What is required:
Beginning with the line that holds "Bridges between Portmagee" and ending with the last line below, please copy every line exactly, add nothing, and leave out the pictures.

Information shown:
============================================================

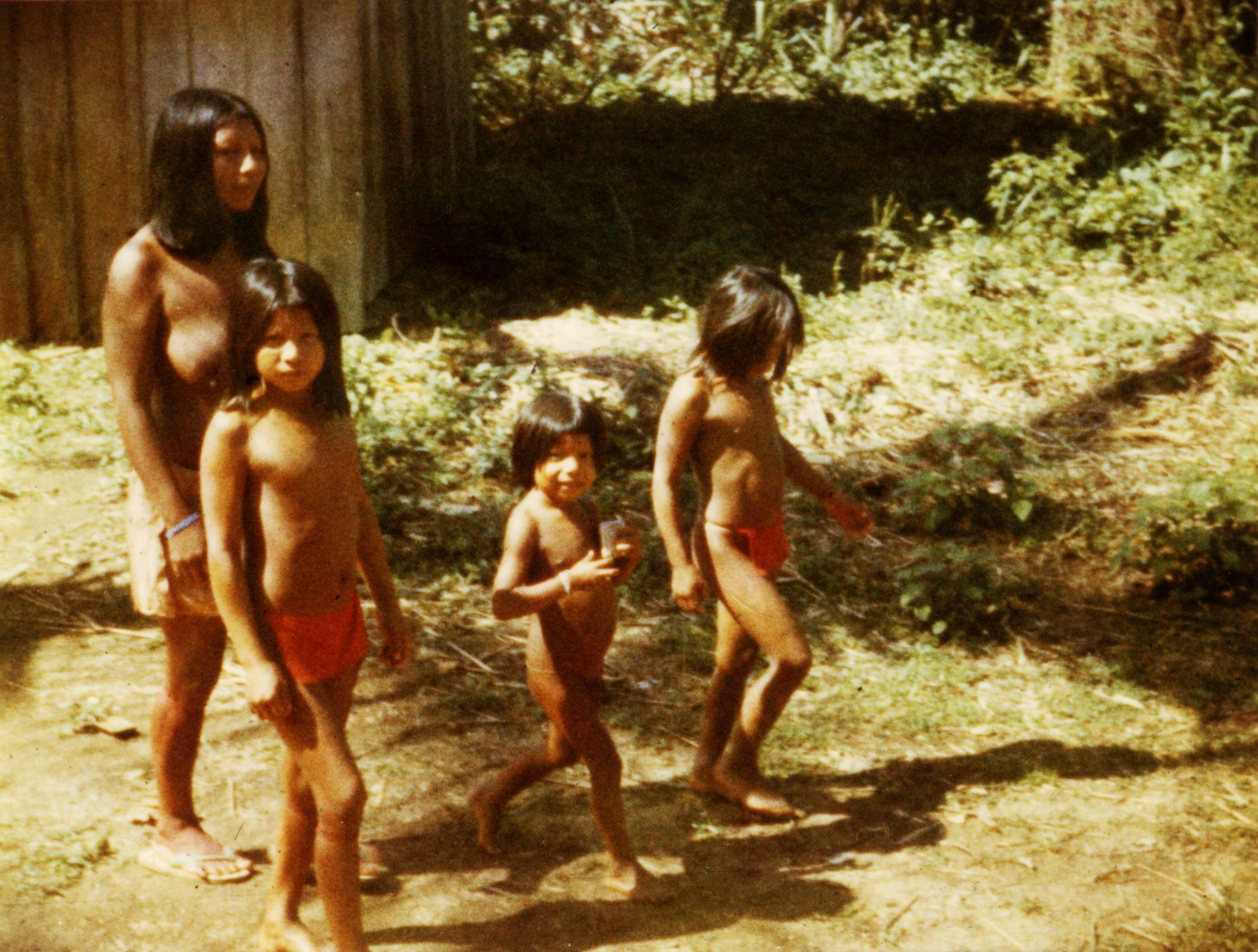 Photo taken in 1979. Daily life in the Wayana village of Antecume Pata in French Guiana. Wayana children.
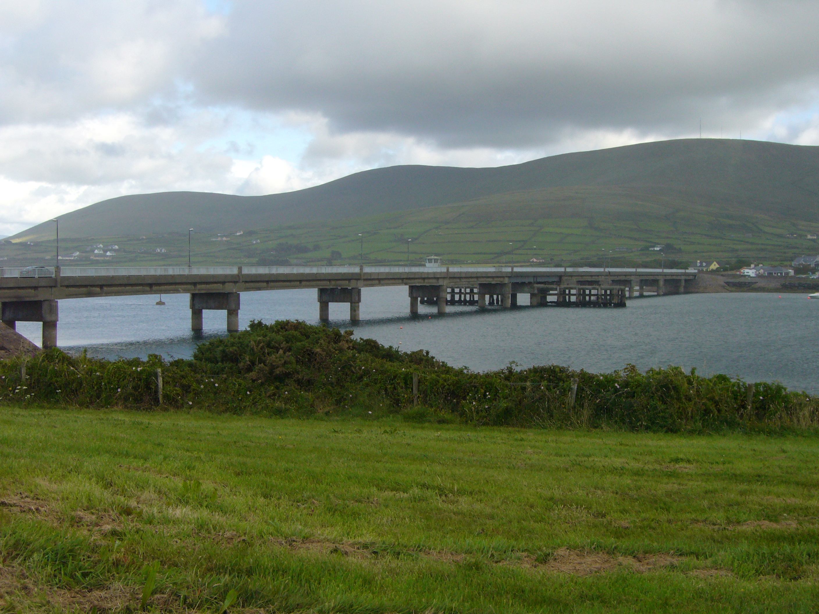 Bridges between Portmagee and Valentia Island
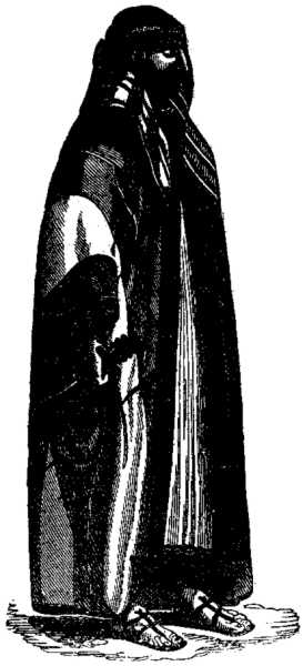 A sketch of the pirate Rahmah ibn Jabir al-Jalahimah drawn by Charles Ellms. The drawing appeared in Ellm's book The Pirates Own Book, first published in Boston in 1837.

============================================================

Written solution:
 Bridges between Portmagee and Valentia Island
 A sketch of the pirate Rahmah ibn Jabir al-Jalahimah drawn by Charles Ellms. The drawing appeared in Ellm's book The Pirates Own Book, first published in Boston in 1837.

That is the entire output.